*REQUIRED ACTION:*
Your task is to copy every line below that contains the word "with".

*RECORD EXTRACTS:*
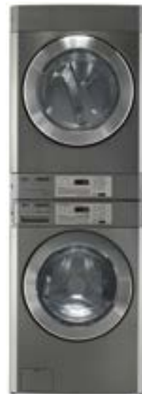
Washer & Dryer Stack Type (Coin, Card/OPL)
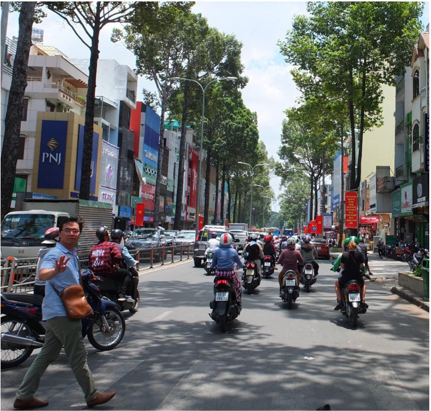
Figure 2 – A typical boulevard of Ho Chi Minh City (photo credit: author, 2018)

And “this is not what the modern city looks like,” according to a transportation planning professor who regularly consults for the local government. For him, the “modern city” is Singapore, Seoul, Moscow, Tokyo – cities he visited to learn from their “best practices,” where motorbike mobility is virtually non-existent and street life much more regulated.
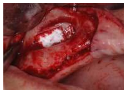
Sealing the perforation with the use of the Collagen dressing Hemospon Tape
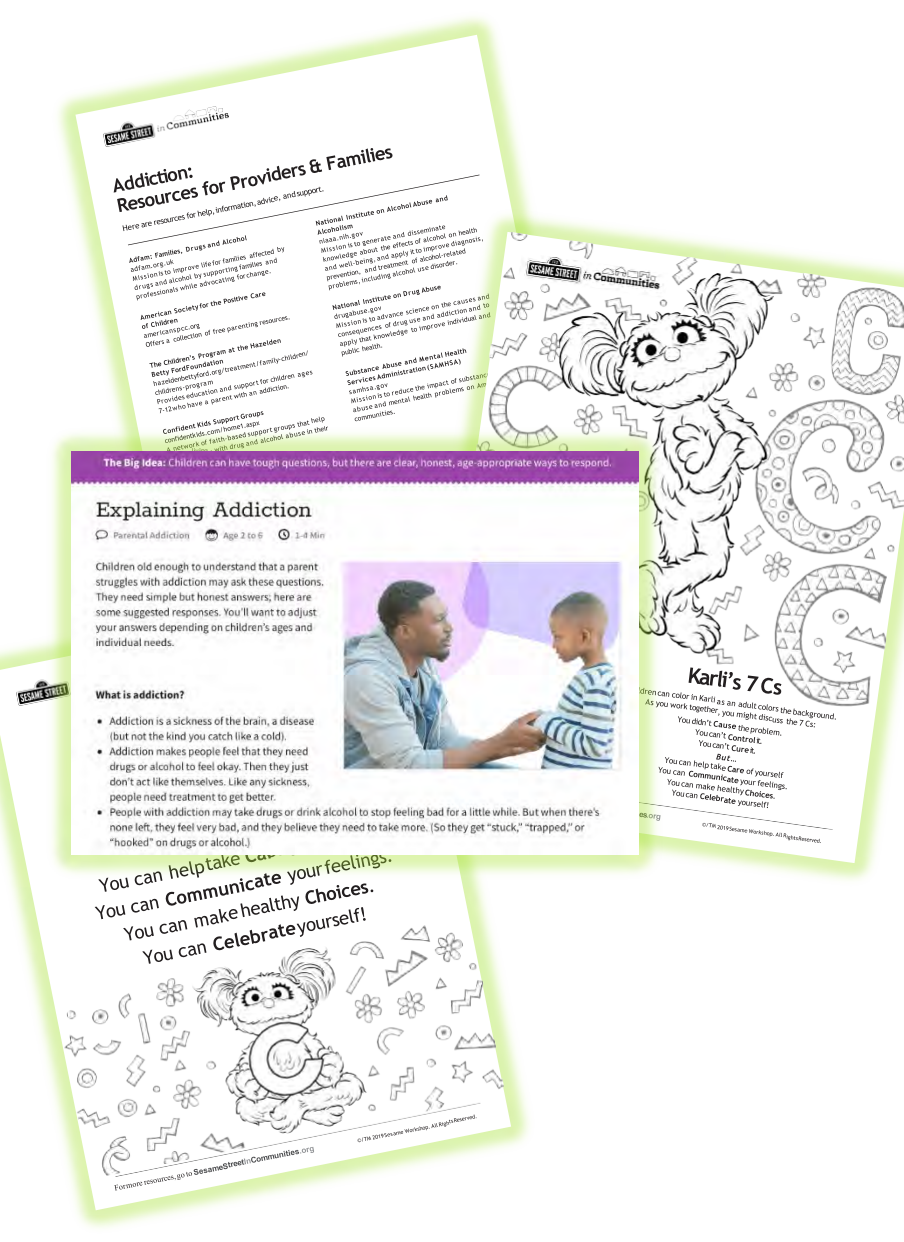
Printables & Articles
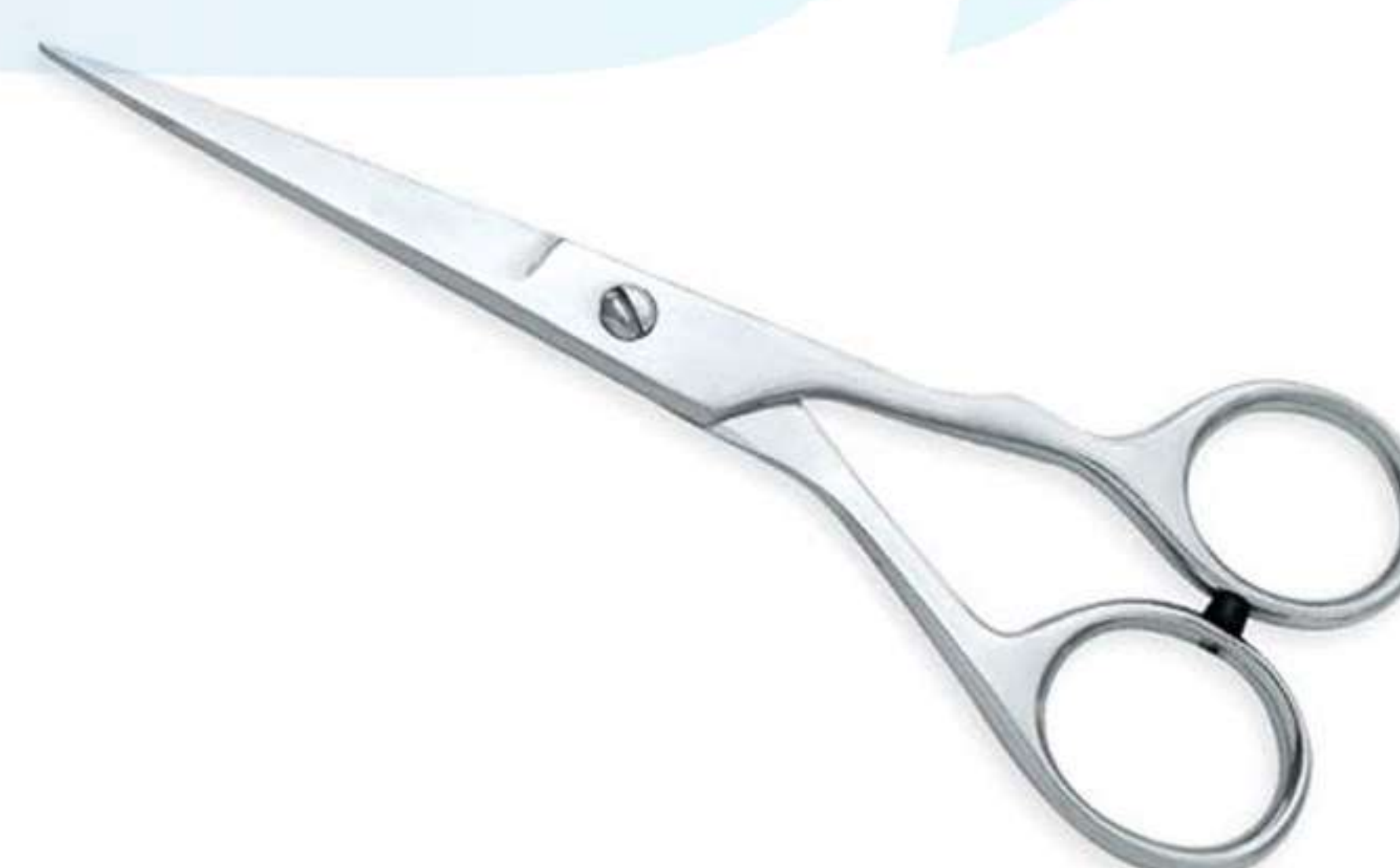
Art no: AS-3-1310

Made from Selected steel and machined to perfection for smooth thinning operation with 34 teeth double blade thinning Scissors with finger rest.

*ANSWER SECTION:*
Sealing the perforation with the use of the Collagen dressing Hemospon Tape
Made from Selected steel and machined to perfection for smooth thinning operation with 34 teeth double blade thinning Scissors with finger rest.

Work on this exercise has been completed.